◆ Dataset section
/---
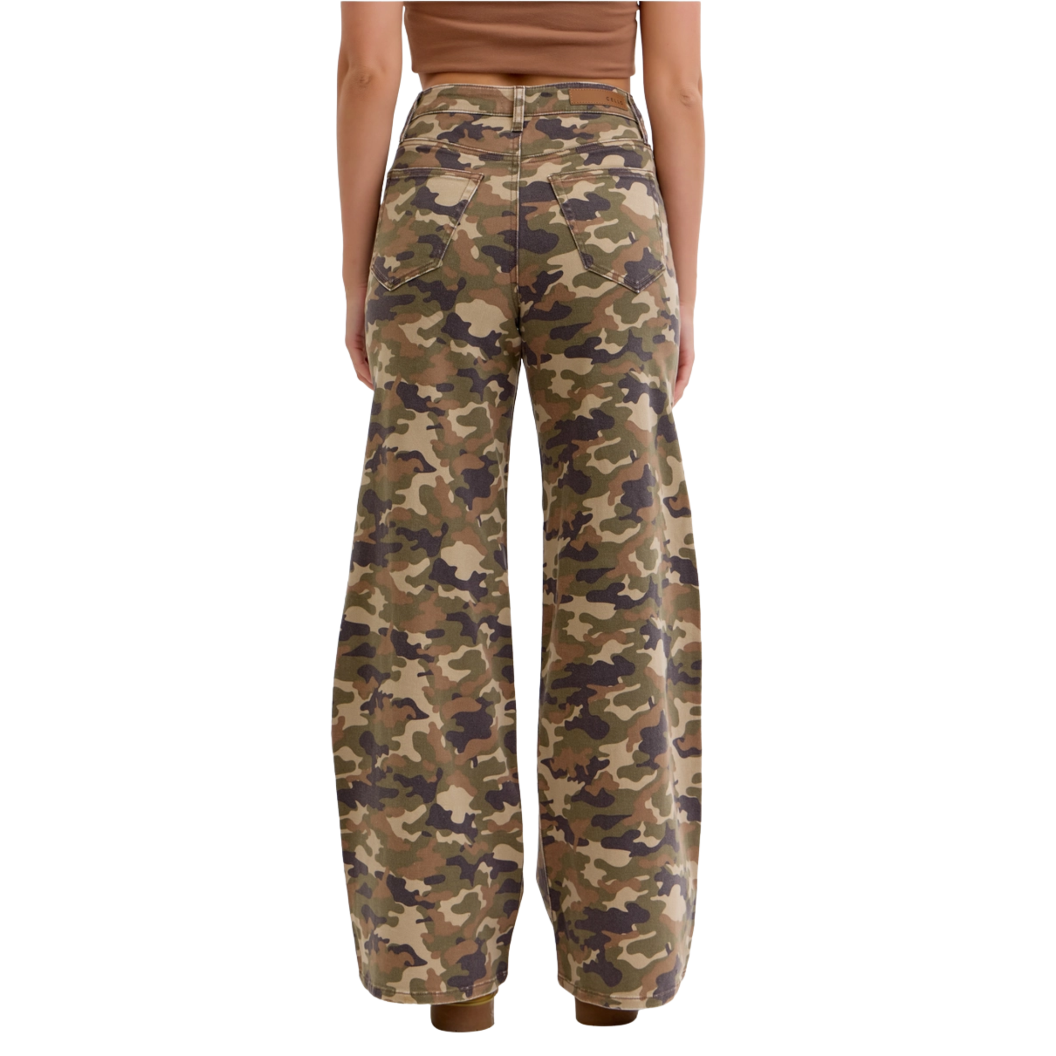 These jeans are a bold camo statement piece designed with a flattering high waist and a wide-leg silhouette. The classic camouflage print in earthy greens, browns, and neutrals gives them an edgy, utilitarian feel, while the relaxed cut keeps them comfortable and versatile. Perfect for pairing with simple tanks or chunky sweaters, these jeans bring a modern twist to rugged, off-duty style.
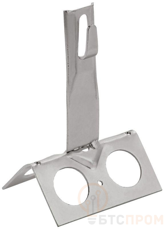 Держатель проводника круглого для конька с безболтовым зажимом широкий предназначен для закрепления прутка на коньке скатной кровли. Зажим проводника происходит путем загибания «язычка» держателя. На коньке крепится при помощи метизов. Материал корпуса - нержавеющая сталь.
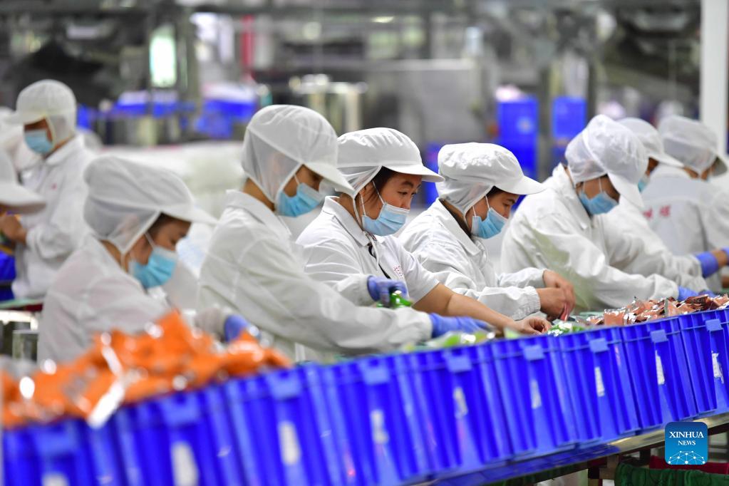 Workers pack Luosifen rice noodles at a food-processing company in Liuzhou, south China's Guangxi Zhuang Autonomous Region, Nov. 23, 2021. Liuzhou Luosifen, a soup dish dubbed by some people as "durian of soup" for its strong smell, features rice vermicelli soaked in a spicy broth flavored by river snails and topped with ingredients including pickled bamboo shoots, string beans, peanuts and tofu skin. In the first three quarters of this year, bagged Liuzhou Luosifen achieved sales revenue of 11.223 billion yuan (about 1.75 billion U.S. dollars), a year-on-year increase of 45.7%. (Xinhua/Huang Xiaobang)
\---
◆ Required work
Would it be possible to copy the material exactly, excluding the images?

◆ Result of the exercise
 These jeans are a bold camo statement piece designed with a flattering high waist and a wide-leg silhouette. The classic camouflage print in earthy greens, browns, and neutrals gives them an edgy, utilitarian feel, while the relaxed cut keeps them comfortable and versatile. Perfect for pairing with simple tanks or chunky sweaters, these jeans bring a modern twist to rugged, off-duty style.
 Держатель проводника круглого для конька с безболтовым зажимом широкий предназначен для закрепления прутка на коньке скатной кровли. Зажим проводника происходит путем загибания «язычка» держателя. На коньке крепится при помощи метизов. Материал корпуса - нержавеющая сталь.
 Workers pack Luosifen rice noodles at a food-processing company in Liuzhou, south China's Guangxi Zhuang Autonomous Region, Nov. 23, 2021. Liuzhou Luosifen, a soup dish dubbed by some people as "durian of soup" for its strong smell, features rice vermicelli soaked in a spicy broth flavored by river snails and topped with ingredients including pickled bamboo shoots, string beans, peanuts and tofu skin. In the first three quarters of this year, bagged Liuzhou Luosifen achieved sales revenue of 11.223 billion yuan (about 1.75 billion U.S. dollars), a year-on-year increase of 45.7%. (Xinhua/Huang Xiaobang)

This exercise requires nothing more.